Task objective: Under this line is a listing; return exactly the lines starting at the one with "sizes are sold." and running down to the one with "Silhouette of man", and leave out its pictures.

Extracted records:
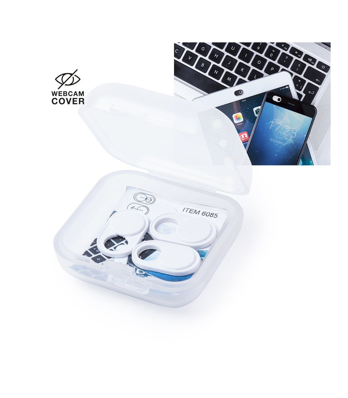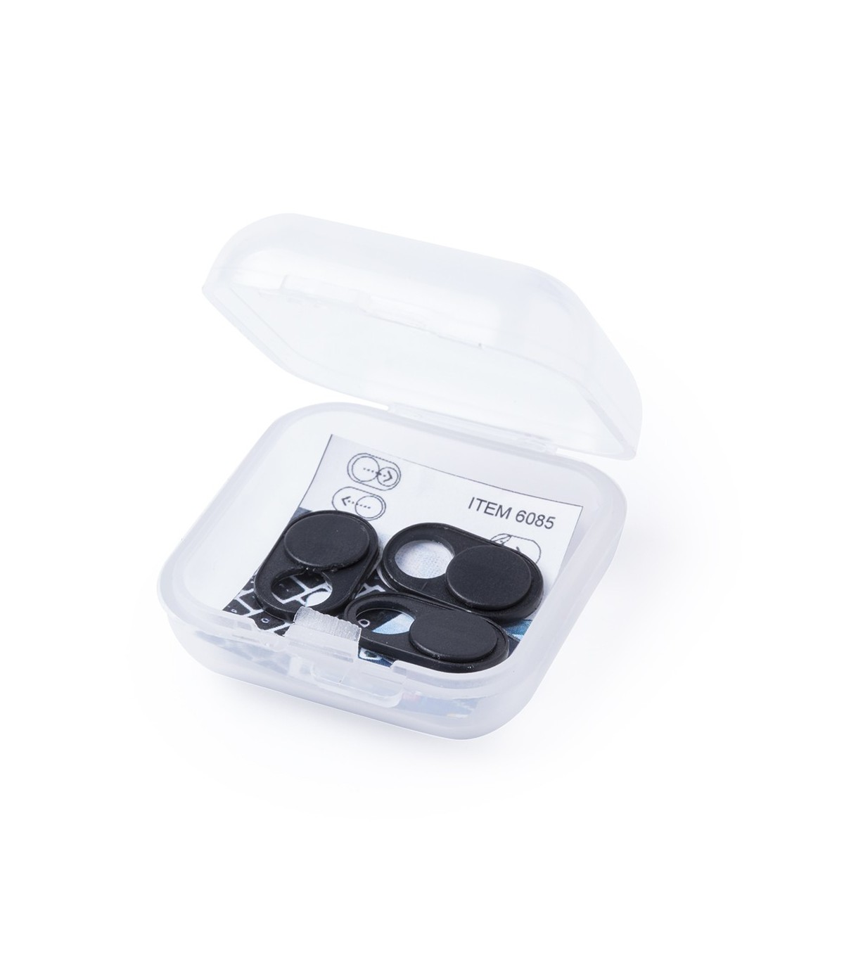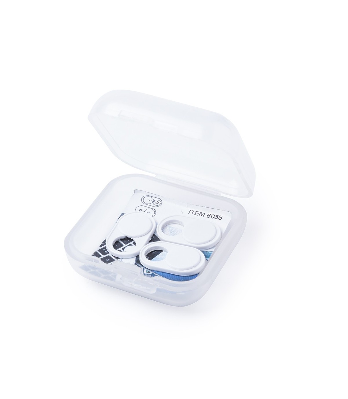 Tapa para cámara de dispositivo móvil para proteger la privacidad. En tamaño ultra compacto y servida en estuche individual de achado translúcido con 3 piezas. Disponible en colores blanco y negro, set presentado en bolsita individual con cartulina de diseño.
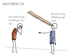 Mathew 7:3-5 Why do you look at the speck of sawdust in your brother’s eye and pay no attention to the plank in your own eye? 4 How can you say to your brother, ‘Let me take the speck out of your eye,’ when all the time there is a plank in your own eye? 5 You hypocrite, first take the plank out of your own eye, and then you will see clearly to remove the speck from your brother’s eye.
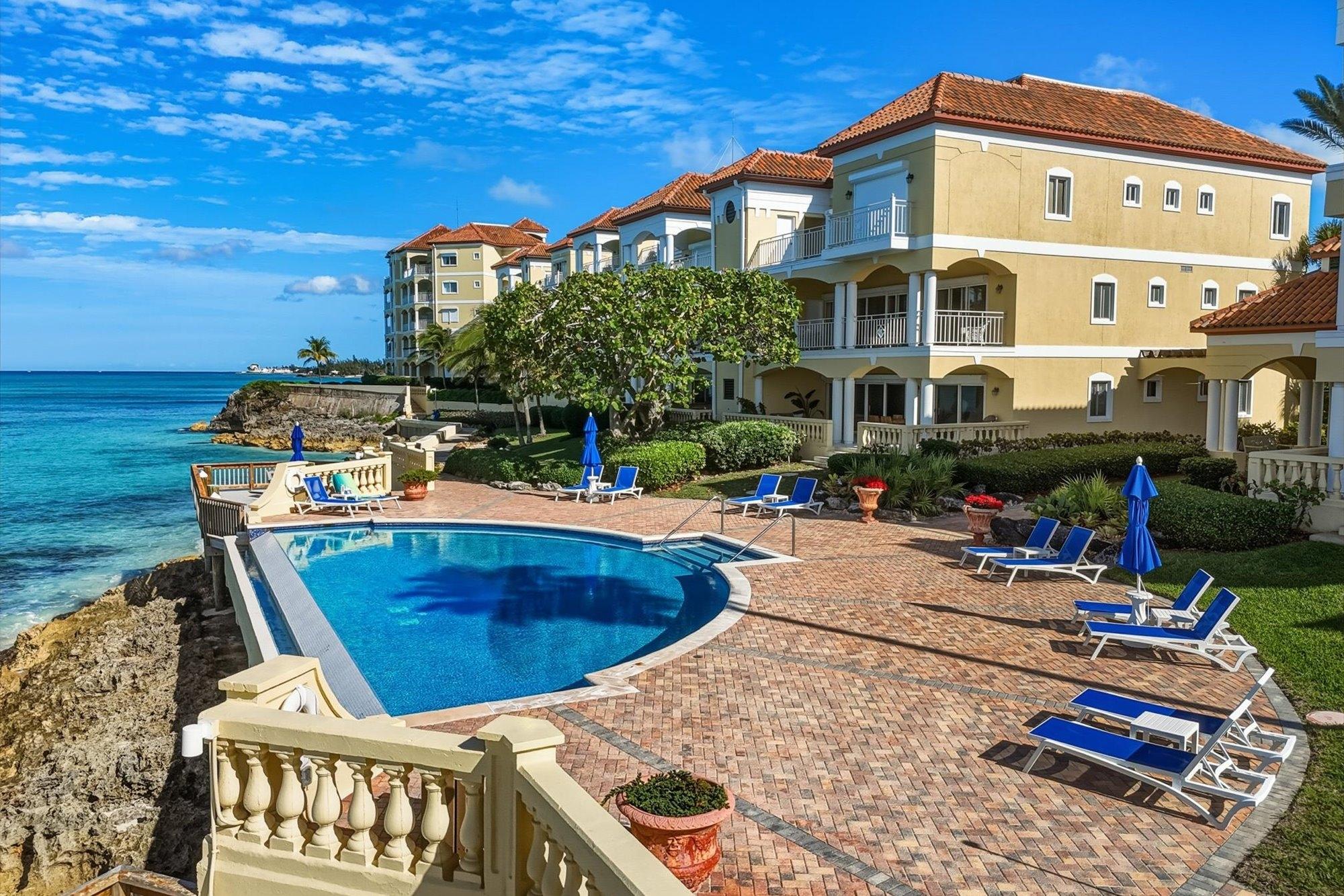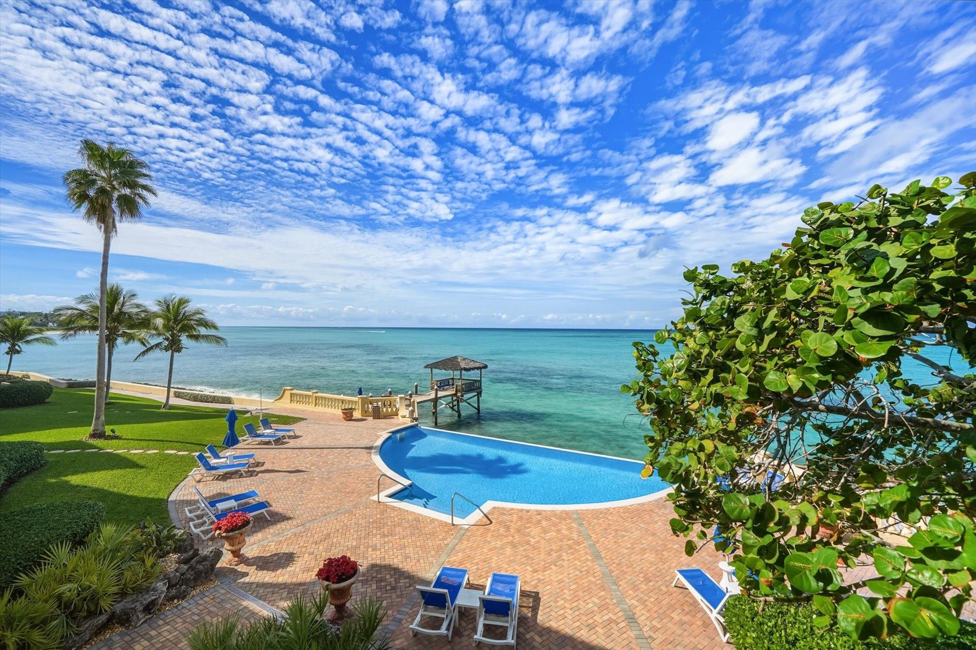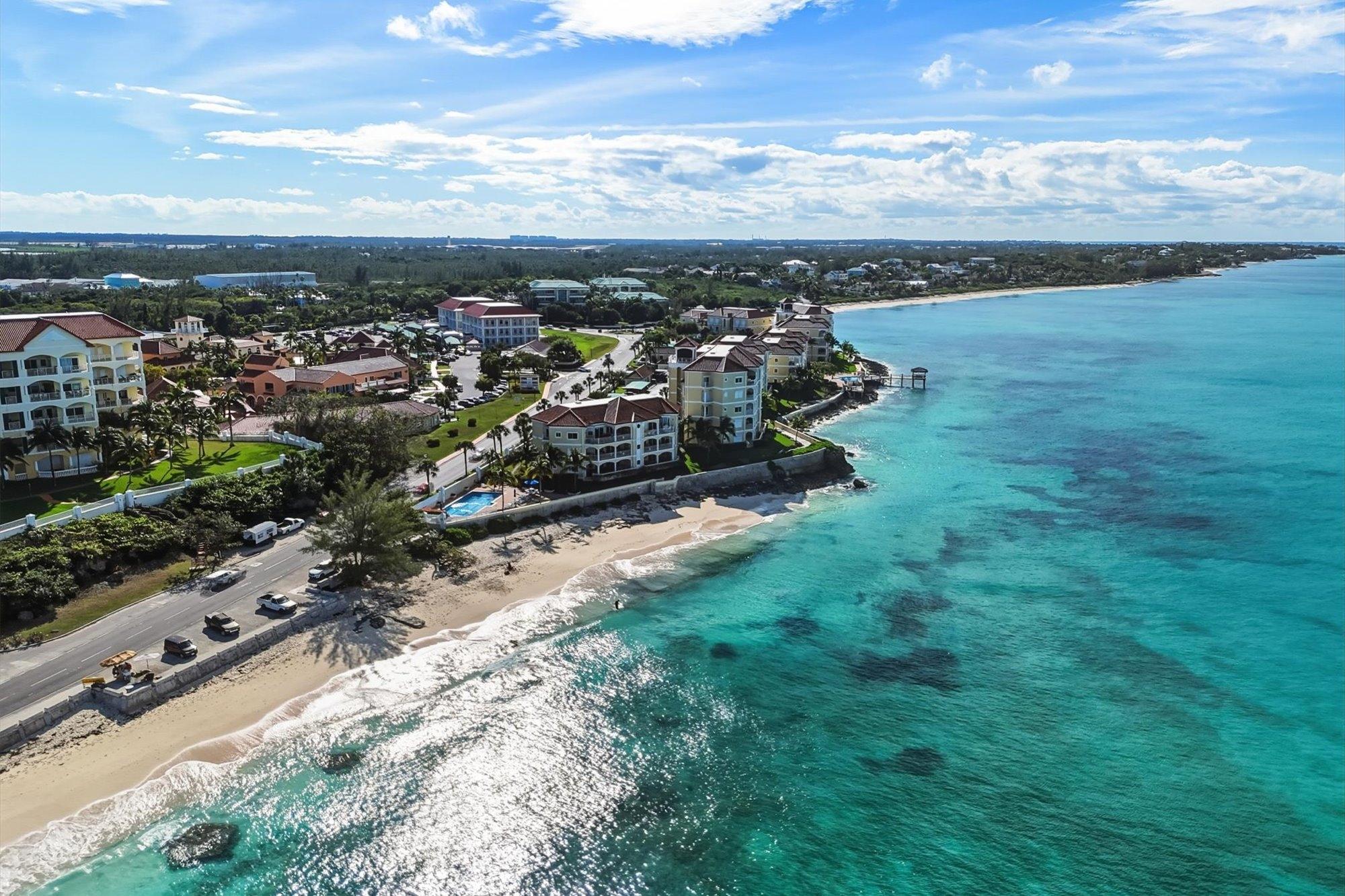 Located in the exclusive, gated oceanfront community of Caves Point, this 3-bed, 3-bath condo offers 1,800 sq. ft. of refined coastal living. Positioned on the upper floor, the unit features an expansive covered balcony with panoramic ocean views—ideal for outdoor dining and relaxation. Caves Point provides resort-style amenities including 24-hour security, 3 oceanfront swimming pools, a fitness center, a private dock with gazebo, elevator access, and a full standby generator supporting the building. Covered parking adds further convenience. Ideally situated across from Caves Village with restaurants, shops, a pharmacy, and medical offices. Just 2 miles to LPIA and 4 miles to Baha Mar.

...

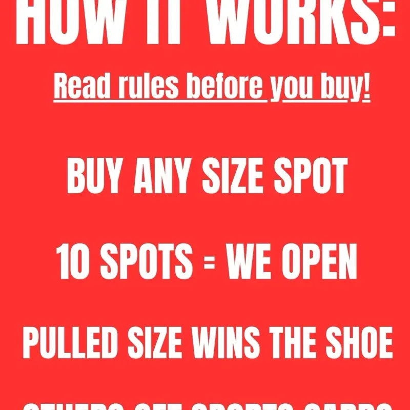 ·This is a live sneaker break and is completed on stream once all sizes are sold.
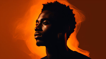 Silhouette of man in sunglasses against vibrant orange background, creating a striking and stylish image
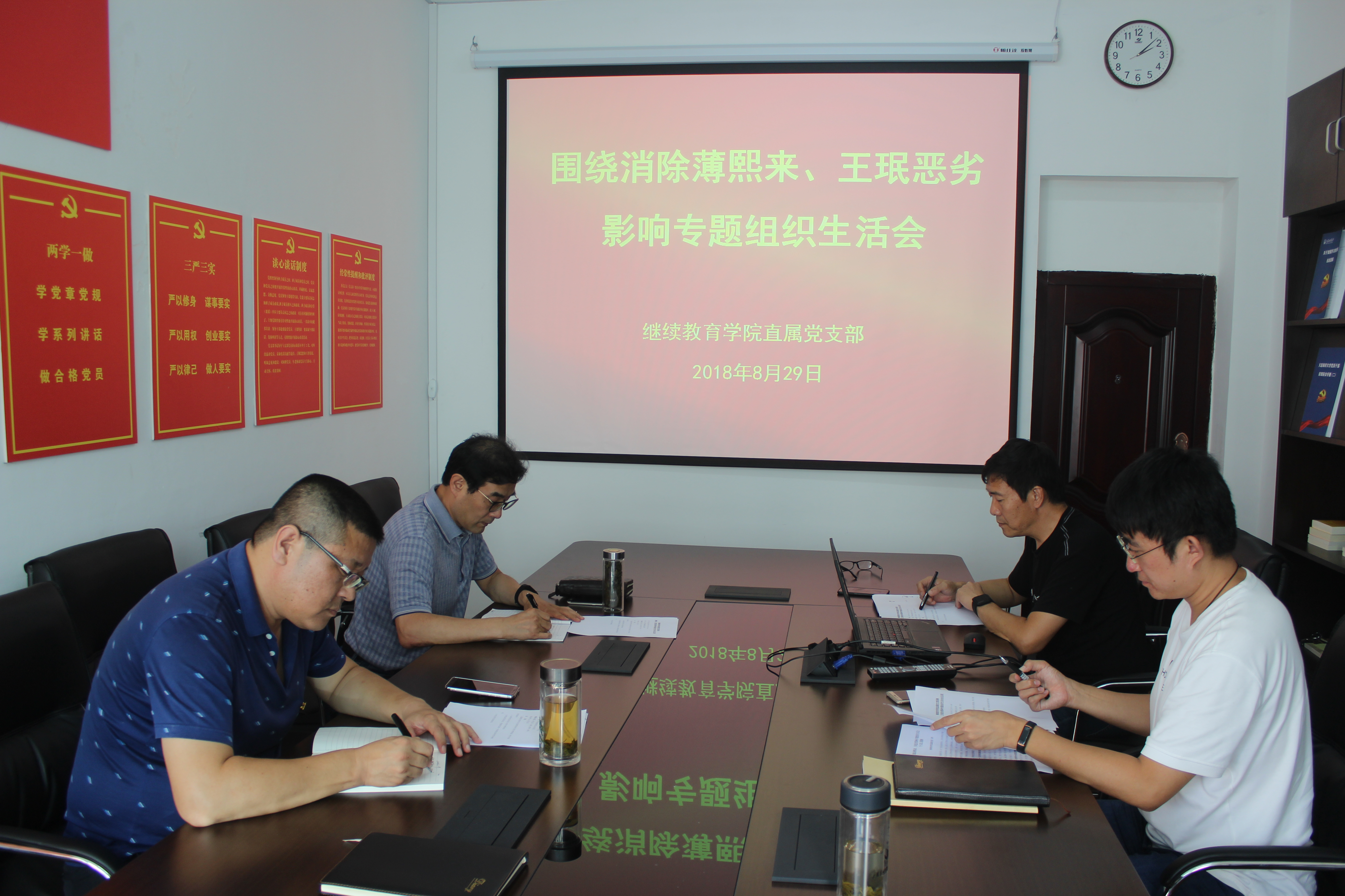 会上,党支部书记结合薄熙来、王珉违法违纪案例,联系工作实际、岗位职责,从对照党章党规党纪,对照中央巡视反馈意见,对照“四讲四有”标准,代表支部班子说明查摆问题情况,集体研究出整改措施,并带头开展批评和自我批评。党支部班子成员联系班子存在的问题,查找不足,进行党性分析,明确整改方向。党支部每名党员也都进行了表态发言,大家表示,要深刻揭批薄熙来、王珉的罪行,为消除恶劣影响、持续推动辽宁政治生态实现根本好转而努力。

Task solution:
 ·This is a live sneaker break and is completed on stream once all sizes are sold.
 Silhouette of man in sunglasses against vibrant orange background, creating a striking and stylish image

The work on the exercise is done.